Formosa Plastics Plant Will Receive Complete Environmental Review From U.S. Army Corps of Engineers


The U.S. Army Corps of Engineers announced on Wednesday that it will require Formosa Plastics to complete a full environmental impact statement for its petrochemical complex being built in St. James Parish, Louisiana designed to produce single-use plastic packaging products. 

This follows a lawsuit filed in early 2020 by the Center for Biological Diversity, Healthy Gulf, Louisiana Bucket Brigade, and Rise St. James. The plaintiffs, who reportedly represent Black and low-income communities, alleged that the project would be harmful, and the District of Columbia District Court agreed. The court issued an order to remand the matter back to the Corps in January 2021. 

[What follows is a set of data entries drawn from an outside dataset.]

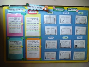 水泳記録会では,緊張の中,何人もの児童が自己ベストをマークしました。個人種目では,各1名が1位,3位に入賞しました。また,団体種目の6年男子のリレーでは,3位に入賞し,盛り上がりました。
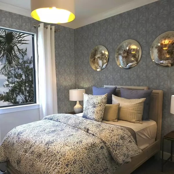 Tapeta Велики стилизовани листови у плаво-песковитој палети на сивој бр. a00601
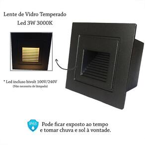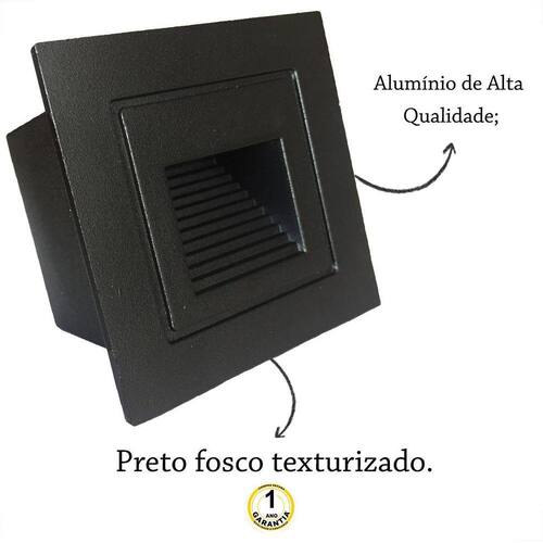 O balizador mini lup76 é ideal para iluminar caminhos externos ou internos. Embutido na sua escada, muro ou parede, se torna uma peça harmoniosa por conta da sua cor preto fosco texturizado e o seu tamanho mais sútil. Neste kit contem 03 balizador lup76.Descrição do balizador:- Material: Alumínio de alta qualidade- Led integrado incluso - Led: Vidro Temperado- Cor: Preto fosco texturizado- Dimensões:Comprimento: 5,8 cmAltura: 5,8 cmProfundidade: 4,6 cm Recorte:Comprimento: 4,3 cmAltura: 4,3 cmProfundidade: 4,3 cm- Potência: 3W- Temperatura de Cor: 3000K- Tensão: Bivolt 110V - 220V - Grau de Proteção: IP65- Facho: 1 Não necessita de lâmpada.

“Today’s announcement is the ultimate David v. Goliath victory,” said Anne Rolfes with Louisiana Bucket Brigade in a press release. “We were not scared of Formosa Plastics and its $9 billion project, or the fact that our governor has been cheering for Formosa all along. St. James Parish residents are the ones who have shown leadership and wisdom. What the Corps has done today is common sense. Of course one of the biggest plastics plants in the world should require an environmental impact statement. Our state and federal officials should have demanded it from the outset. I am hopeful that this is the nail in the coffin of Formosa Plastics in St. James Parish. And don’t try to build somewhere else. Pack up and go home.”

The U.S. Army Corps of Engineers, after the present memorandum, will perform a full analysis of the impacts of the controversial plastics factory. The analysis will consider the potential impacts on the environment, public health, and culture. 

A press release from the Center for Biological Diversity explained that the communities that would be affected by the factory live in a corridor already known as “Cancer Alley or Death Alley” making an environmental review even more important. It claimed, however, that “local opponents of the project have been aggressively dismissed, arrested and publicly criticized over their work to stop this project, which received huge taxpayer subsidies from the state.” 

They explained that the facility would send 13.6 million metric tons of greenhouse gases into the atmosphere each year, while producing an additional 800 tons of pollutants which would spread throughout the city.  

The Center also reported that last year Formosa Plastics paid $50 million in cleanup costs as part of a settlement for discharging plastic into Texas waters over a long period of time.